Isso tudo se traduz em invasão de privacidade. Essas empresas, em vez de serem apreciadas pelos serviços, mostram-se abusivas, insistentes, atrevidas, incômodas. A vontade que dá é mesmo a de processá-las para que aprendam a trabalhar com mais ética e menos invasões aos nossos domicílios. Mas cadê a nossa sonolenta Justiça para coibir tais abusos? O problema é que a Justiça no Brasil é tão morosa, tão preguiçosa, que teríamos que esperar por uma solução munidos da paciência de Jó durante anos a fio.

Será que os artistas mencionados não percebem que as pessoas se irritam com tal tipo de propaganda?

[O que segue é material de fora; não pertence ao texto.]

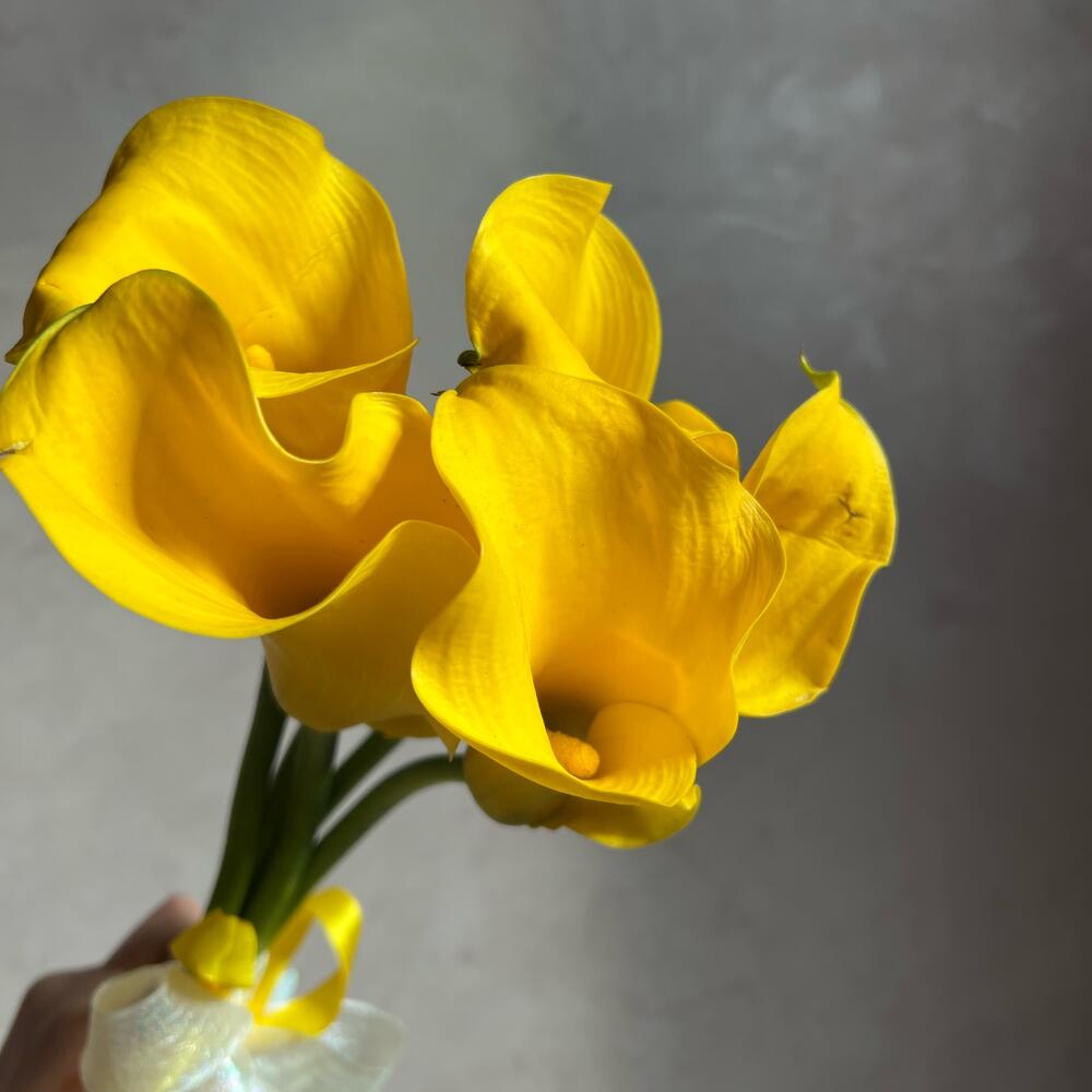 Атласная лента – 1 шт.каллы желтые – 5 шт.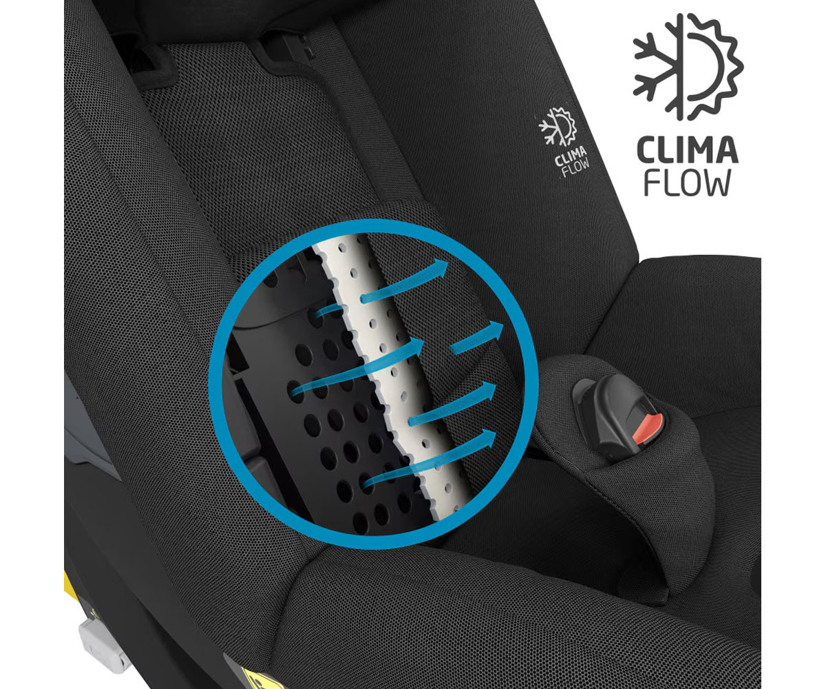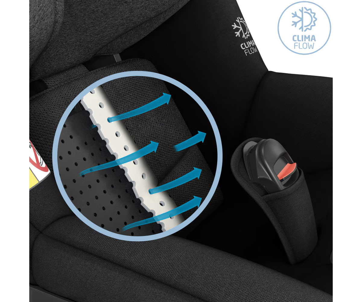 Въртящата се седалка за кола Mica Pro Eco осигурява повече комфорт от всяка друга Mica преди. Проектиран с подобрени ъгли на накланяне, той осигурява най-добрия в класа си комфорт при сън за вашето мъниче по време на пътуване. С по-големи панели ClimaFlow и дишащи тъкани за максимална циркулация на въздуха, вашето дете винаги ще остане при комфортна температура. С множество позиции на накланяне и допълнителна подплата, можете да сте спокойни, че вашето мъниче е винаги омекотено и се чъвства удобно в това столче за кола от раждането.

Certamente os honorários que recebem são bem compensadores, a ponto de eles se submeterem a esse gênero vexatório de trabalho: o de incomodar pessoas desconhecidas em suas próprias casas. Será que sabem que em vez de aplaudidos, são xingados? E as demais empresas não sentem vergonha por não atenderem ao pedido de milhares de pessoas do outro lado da linha que imploram para não serem incomodadas em casa?

Isso me faz sentir saudade do tempo em que tínhamos listas telefônicas que eram renovadas anualmente e entregues em nossas casas. Desde a época remota em que residia em Ponta Grossa, eu proibia os guias telefônicos de reproduzirem o número do meu aparelho. Só parentes e amigos mais chegados tinham conhecimento do meu telefone. Era uma tranquilidade!

Atualmente há outro tipo de invasão, que é aquela que vem através da internet e que enche nossa paciência e a caixa de e-mail com ofertas as mais indesejáveis, misturadas a armadilhas de hackers. E a ética dessas empresas, onde é que fica?

 

Fafá de Belém.

 

Ao encerrar, vou enviar um recadinho à Fafá: “Minha adorada cantora Fafá de Belém! Por favor, não mande mensagens telefônicas robóticas a seus admiradores, porque até mesmo fãs, como eu, deixam escapar pesados palavrões ante tal insistência que se arrasta há anos. Quando você quiser falar comigo, telefone você mesma para mim, pessoalmente, sem a intermediação dos seus robôs, que então a ouvirei com grande prazer, e até me atreverei a lhe pedir que cante um pouco para mim, em capela, o comecinho da canção ‘Vermelho’. Serei capaz de acompanhá-la em dueto. Com meus abraços e beijos”.

Vai também um recadinho coletivo a todos os demais invasores de privacidade: “Xô, urubus”!